#### MATERIAL SUPPLIED:

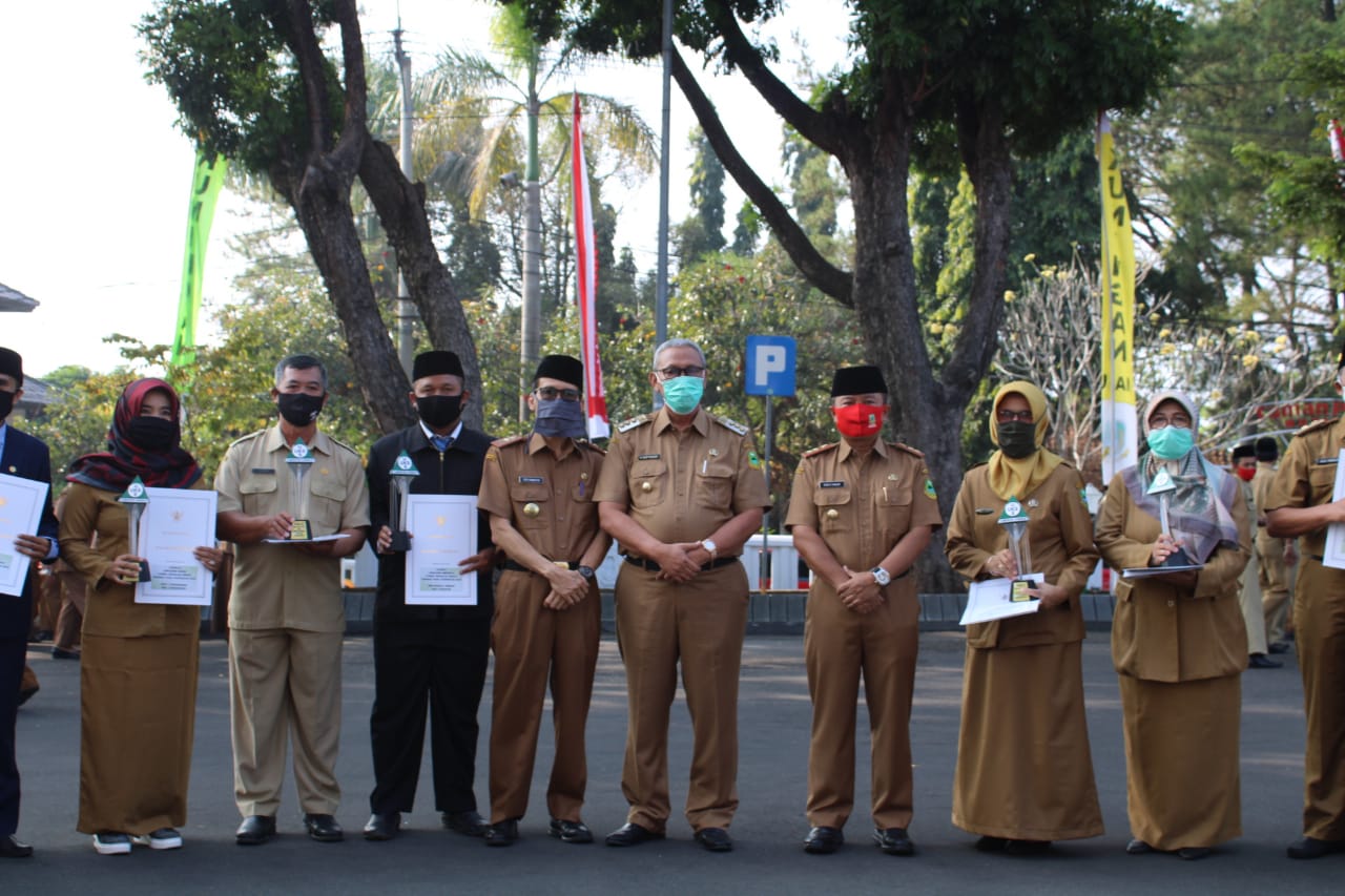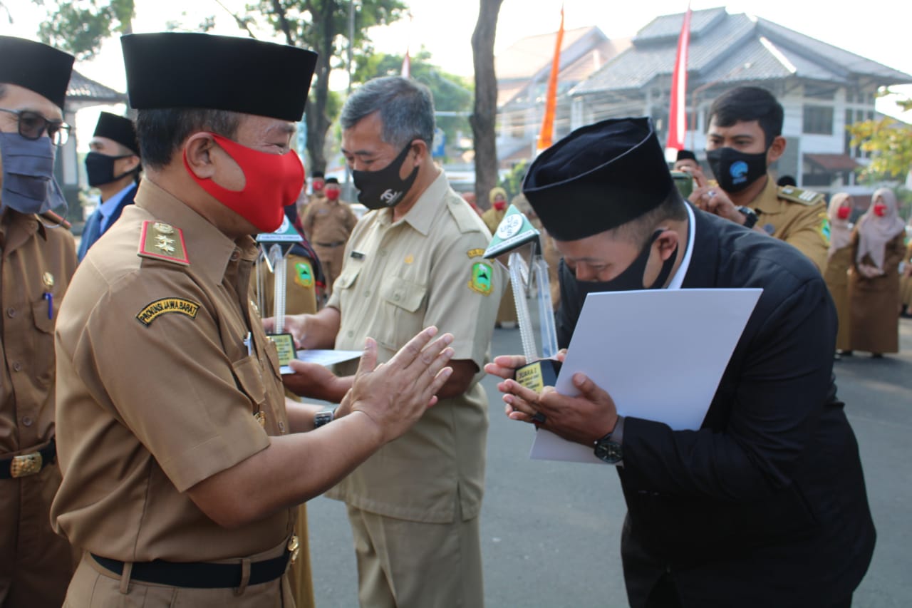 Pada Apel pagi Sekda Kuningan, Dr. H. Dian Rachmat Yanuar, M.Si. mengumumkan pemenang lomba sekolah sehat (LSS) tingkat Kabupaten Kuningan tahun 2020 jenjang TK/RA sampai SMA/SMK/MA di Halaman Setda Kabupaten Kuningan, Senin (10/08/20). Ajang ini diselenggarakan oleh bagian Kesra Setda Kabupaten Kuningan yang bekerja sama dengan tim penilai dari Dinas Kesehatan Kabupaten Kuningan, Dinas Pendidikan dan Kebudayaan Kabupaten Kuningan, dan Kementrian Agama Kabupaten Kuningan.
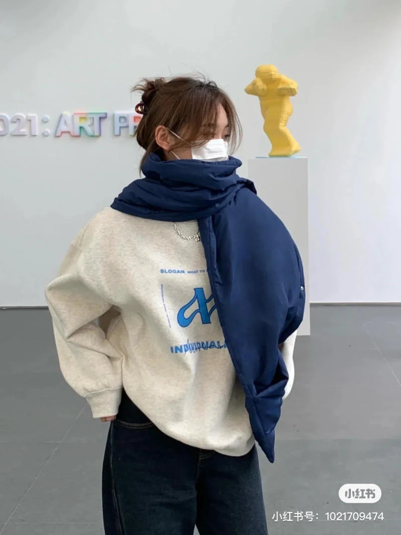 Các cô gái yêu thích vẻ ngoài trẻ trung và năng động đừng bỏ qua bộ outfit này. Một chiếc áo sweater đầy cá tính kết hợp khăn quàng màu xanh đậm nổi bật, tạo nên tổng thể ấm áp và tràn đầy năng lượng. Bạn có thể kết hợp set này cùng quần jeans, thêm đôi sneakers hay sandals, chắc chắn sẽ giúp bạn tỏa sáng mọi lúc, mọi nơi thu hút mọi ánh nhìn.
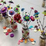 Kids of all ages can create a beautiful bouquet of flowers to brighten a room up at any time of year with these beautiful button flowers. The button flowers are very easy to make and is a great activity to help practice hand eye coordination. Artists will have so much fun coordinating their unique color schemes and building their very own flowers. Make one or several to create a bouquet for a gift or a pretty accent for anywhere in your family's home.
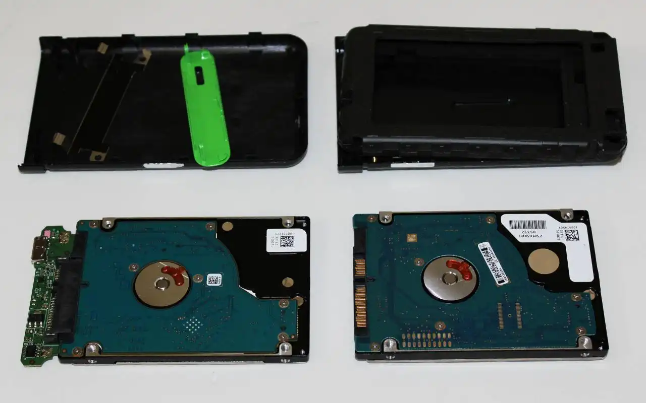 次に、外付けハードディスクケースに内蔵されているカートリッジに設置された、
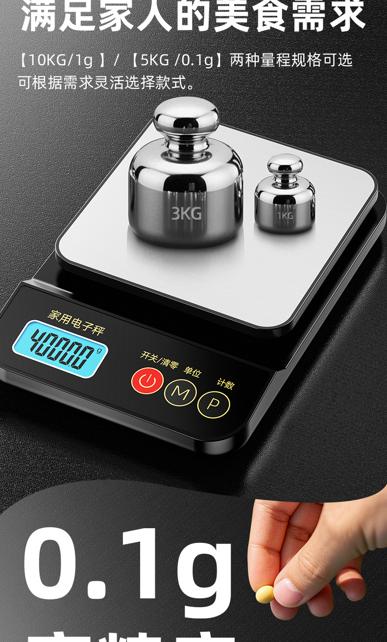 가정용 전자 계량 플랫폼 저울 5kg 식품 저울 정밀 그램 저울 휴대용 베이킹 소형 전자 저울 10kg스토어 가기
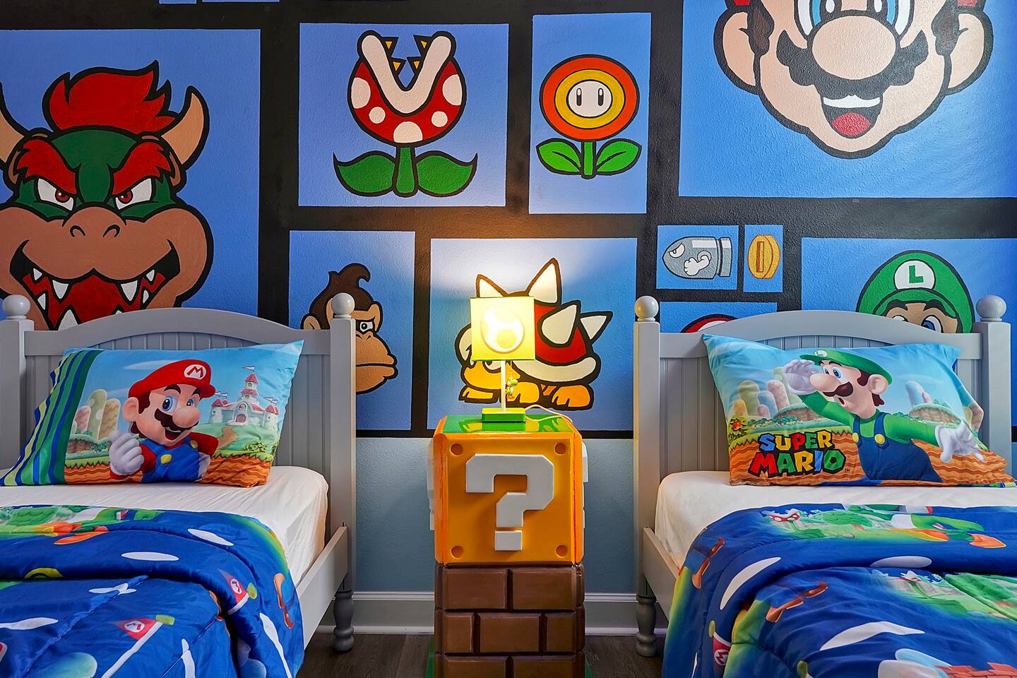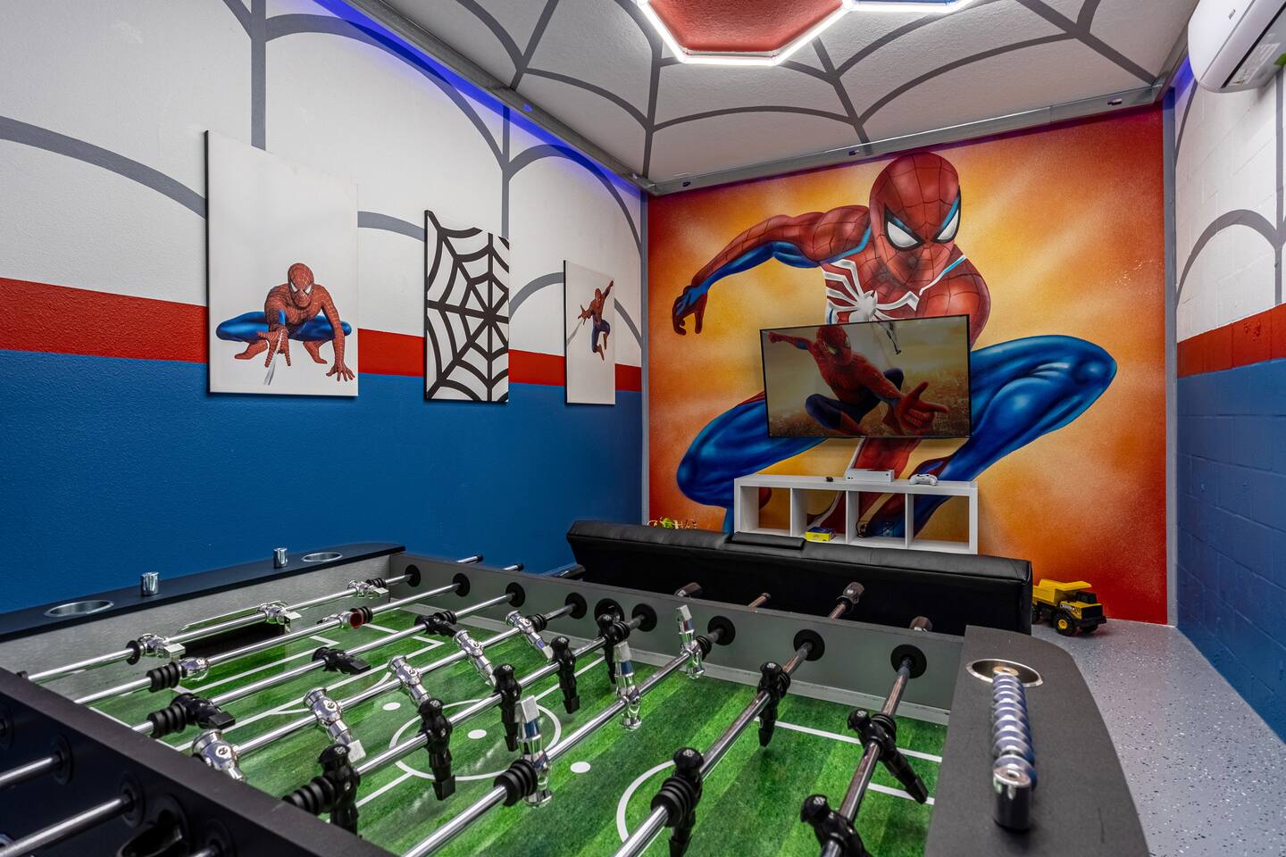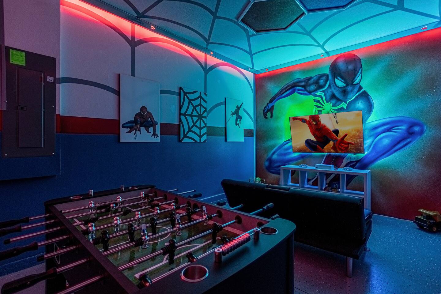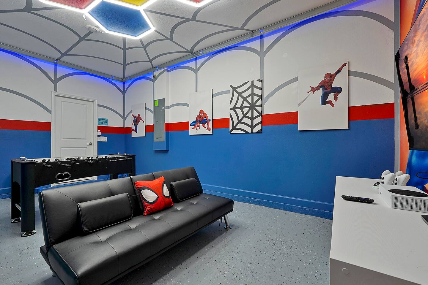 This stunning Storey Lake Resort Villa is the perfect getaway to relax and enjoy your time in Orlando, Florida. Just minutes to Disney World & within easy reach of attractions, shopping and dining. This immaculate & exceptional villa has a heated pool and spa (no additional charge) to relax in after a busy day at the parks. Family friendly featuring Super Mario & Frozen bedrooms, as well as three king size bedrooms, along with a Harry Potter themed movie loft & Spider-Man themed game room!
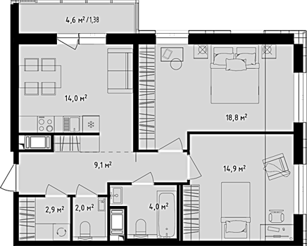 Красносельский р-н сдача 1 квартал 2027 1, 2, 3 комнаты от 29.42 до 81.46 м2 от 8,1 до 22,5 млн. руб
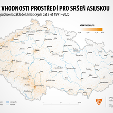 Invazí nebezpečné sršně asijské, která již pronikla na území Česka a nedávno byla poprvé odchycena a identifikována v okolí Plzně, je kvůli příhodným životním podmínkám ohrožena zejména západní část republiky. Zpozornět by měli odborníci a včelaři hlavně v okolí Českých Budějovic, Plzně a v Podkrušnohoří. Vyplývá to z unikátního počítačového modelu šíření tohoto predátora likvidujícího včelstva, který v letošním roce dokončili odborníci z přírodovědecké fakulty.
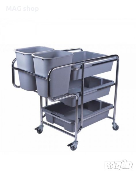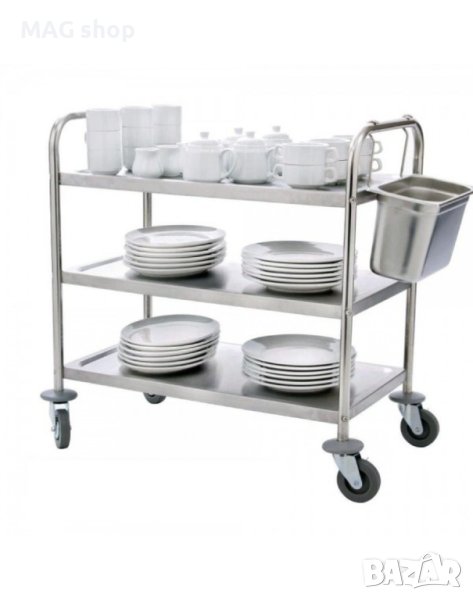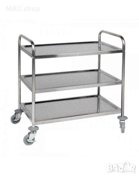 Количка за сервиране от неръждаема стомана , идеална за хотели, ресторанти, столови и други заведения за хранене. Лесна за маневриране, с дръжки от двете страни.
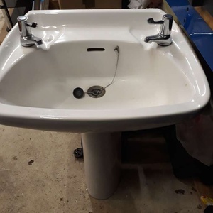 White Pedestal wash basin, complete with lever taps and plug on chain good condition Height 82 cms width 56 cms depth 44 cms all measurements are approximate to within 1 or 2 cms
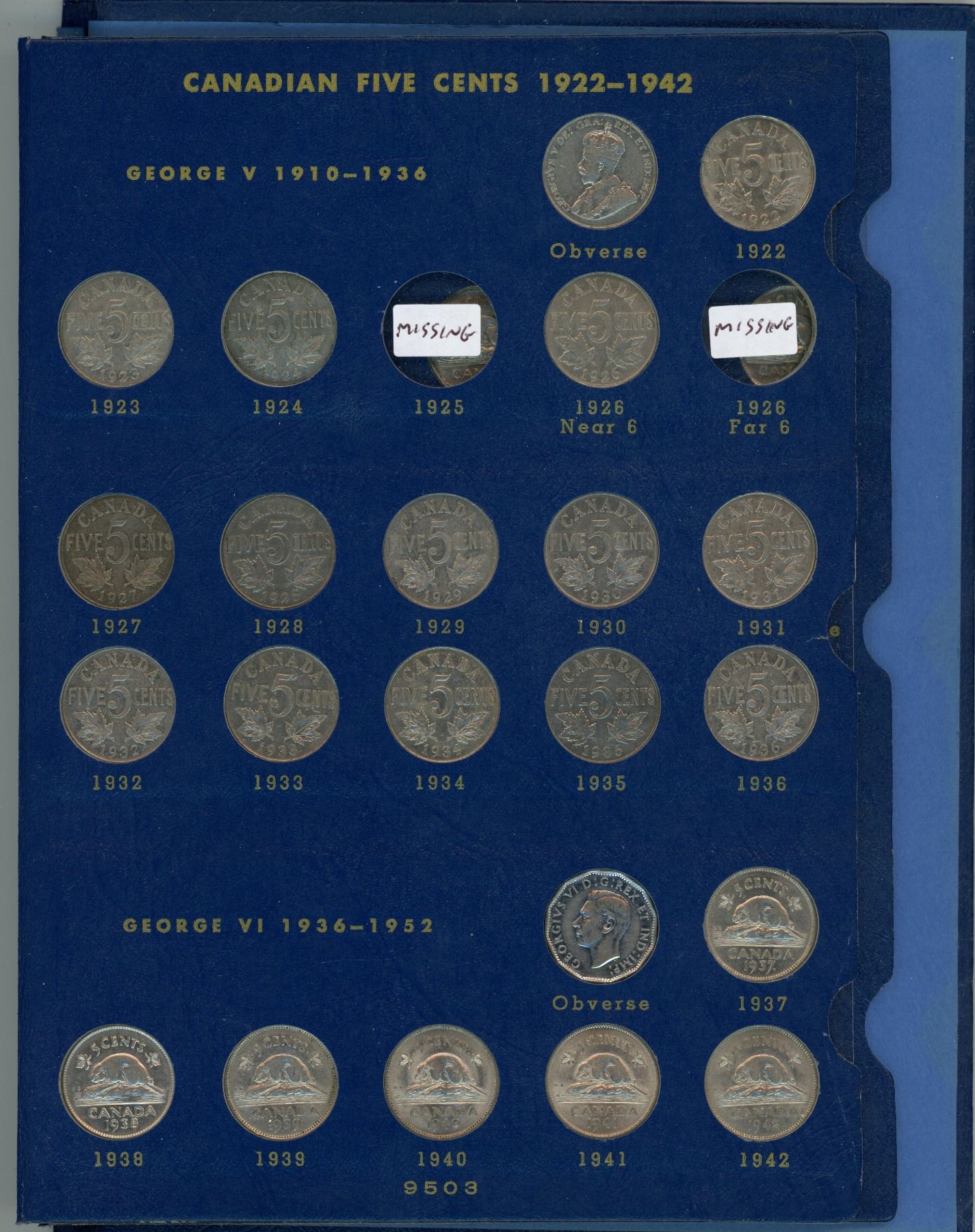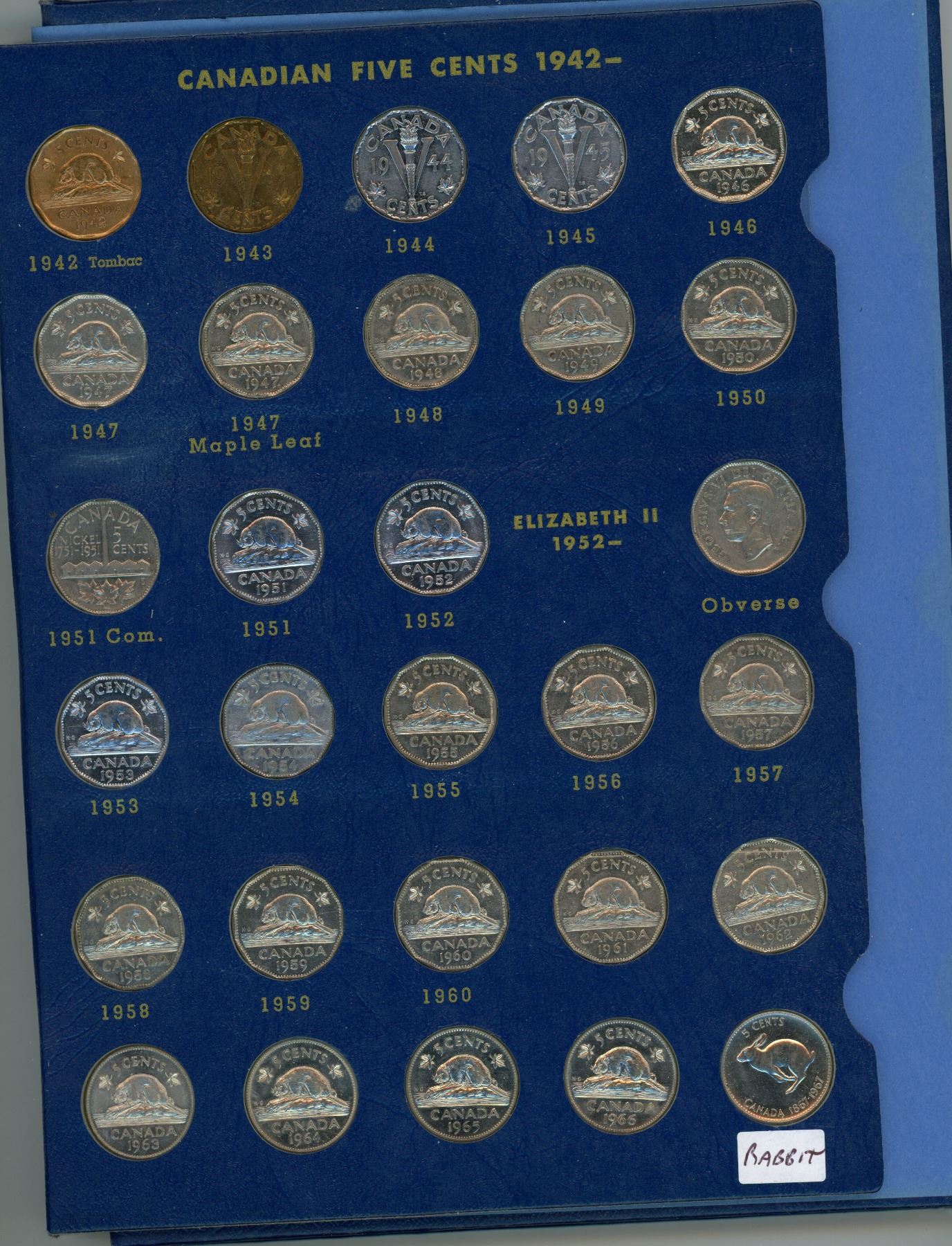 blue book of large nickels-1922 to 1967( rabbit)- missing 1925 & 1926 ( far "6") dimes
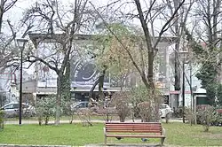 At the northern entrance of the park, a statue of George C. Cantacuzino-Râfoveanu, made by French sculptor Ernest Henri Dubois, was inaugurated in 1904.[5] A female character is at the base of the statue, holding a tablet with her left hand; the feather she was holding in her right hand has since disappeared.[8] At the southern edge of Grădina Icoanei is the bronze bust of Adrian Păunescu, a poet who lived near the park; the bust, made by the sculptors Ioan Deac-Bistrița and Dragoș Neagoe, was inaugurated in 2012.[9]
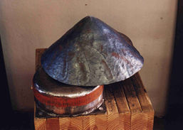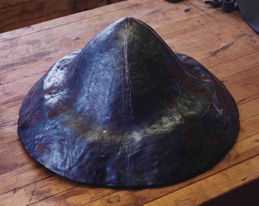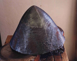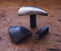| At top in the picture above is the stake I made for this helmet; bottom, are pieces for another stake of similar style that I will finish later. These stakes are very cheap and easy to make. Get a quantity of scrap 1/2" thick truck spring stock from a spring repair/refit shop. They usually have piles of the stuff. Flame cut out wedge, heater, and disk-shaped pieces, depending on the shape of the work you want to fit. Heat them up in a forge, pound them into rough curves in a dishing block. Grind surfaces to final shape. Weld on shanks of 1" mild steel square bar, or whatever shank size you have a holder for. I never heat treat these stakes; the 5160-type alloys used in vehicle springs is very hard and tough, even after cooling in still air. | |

#### TASK STATEMENT:
What you output must match the data exactly, apart from the pictures, which are left out.

#### EXERCISE ANSWER:
 Pada Apel pagi Sekda Kuningan, Dr. H. Dian Rachmat Yanuar, M.Si. mengumumkan pemenang lomba sekolah sehat (LSS) tingkat Kabupaten Kuningan tahun 2020 jenjang TK/RA sampai SMA/SMK/MA di Halaman Setda Kabupaten Kuningan, Senin (10/08/20). Ajang ini diselenggarakan oleh bagian Kesra Setda Kabupaten Kuningan yang bekerja sama dengan tim penilai dari Dinas Kesehatan Kabupaten Kuningan, Dinas Pendidikan dan Kebudayaan Kabupaten Kuningan, dan Kementrian Agama Kabupaten Kuningan.
 Các cô gái yêu thích vẻ ngoài trẻ trung và năng động đừng bỏ qua bộ outfit này. Một chiếc áo sweater đầy cá tính kết hợp khăn quàng màu xanh đậm nổi bật, tạo nên tổng thể ấm áp và tràn đầy năng lượng. Bạn có thể kết hợp set này cùng quần jeans, thêm đôi sneakers hay sandals, chắc chắn sẽ giúp bạn tỏa sáng mọi lúc, mọi nơi thu hút mọi ánh nhìn.
 Kids of all ages can create a beautiful bouquet of flowers to brighten a room up at any time of year with these beautiful button flowers. The button flowers are very easy to make and is a great activity to help practice hand eye coordination. Artists will have so much fun coordinating their unique color schemes and building their very own flowers. Make one or several to create a bouquet for a gift or a pretty accent for anywhere in your family's home.
 次に、外付けハードディスクケースに内蔵されているカートリッジに設置された、
 가정용 전자 계량 플랫폼 저울 5kg 식품 저울 정밀 그램 저울 휴대용 베이킹 소형 전자 저울 10kg스토어 가기
 This stunning Storey Lake Resort Villa is the perfect getaway to relax and enjoy your time in Orlando, Florida. Just minutes to Disney World & within easy reach of attractions, shopping and dining. This immaculate & exceptional villa has a heated pool and spa (no additional charge) to relax in after a busy day at the parks. Family friendly featuring Super Mario & Frozen bedrooms, as well as three king size bedrooms, along with a Harry Potter themed movie loft & Spider-Man themed game room!
 Красносельский р-н сдача 1 квартал 2027 1, 2, 3 комнаты от 29.42 до 81.46 м2 от 8,1 до 22,5 млн. руб
 Invazí nebezpečné sršně asijské, která již pronikla na území Česka a nedávno byla poprvé odchycena a identifikována v okolí Plzně, je kvůli příhodným životním podmínkám ohrožena zejména západní část republiky. Zpozornět by měli odborníci a včelaři hlavně v okolí Českých Budějovic, Plzně a v Podkrušnohoří. Vyplývá to z unikátního počítačového modelu šíření tohoto predátora likvidujícího včelstva, který v letošním roce dokončili odborníci z přírodovědecké fakulty.
 Количка за сервиране от неръждаема стомана , идеална за хотели, ресторанти, столови и други заведения за хранене. Лесна за маневриране, с дръжки от двете страни.
 White Pedestal wash basin, complete with lever taps and plug on chain good condition Height 82 cms width 56 cms depth 44 cms all measurements are approximate to within 1 or 2 cms
 blue book of large nickels-1922 to 1967( rabbit)- missing 1925 & 1926 ( far "6") dimes
 At the northern entrance of the park, a statue of George C. Cantacuzino-Râfoveanu, made by French sculptor Ernest Henri Dubois, was inaugurated in 1904.[5] A female character is at the base of the statue, holding a tablet with her left hand; the feather she was holding in her right hand has since disappeared.[8] At the southern edge of Grădina Icoanei is the bronze bust of Adrian Păunescu, a poet who lived near the park; the bust, made by the sculptors Ioan Deac-Bistrița and Dragoș Neagoe, was inaugurated in 2012.[9]
| At top in the picture above is the stake I made for this helmet; bottom, are pieces for another stake of similar style that I will finish later. These stakes are very cheap and easy to make. Get a quantity of scrap 1/2" thick truck spring stock from a spring repair/refit shop. They usually have piles of the stuff. Flame cut out wedge, heater, and disk-shaped pieces, depending on the shape of the work you want to fit. Heat them up in a forge, pound them into rough curves in a dishing block. Grind surfaces to final shape. Weld on shanks of 1" mild steel square bar, or whatever shank size you have a holder for. I never heat treat these stakes; the 5160-type alloys used in vehicle springs is very hard and tough, even after cooling in still air. | |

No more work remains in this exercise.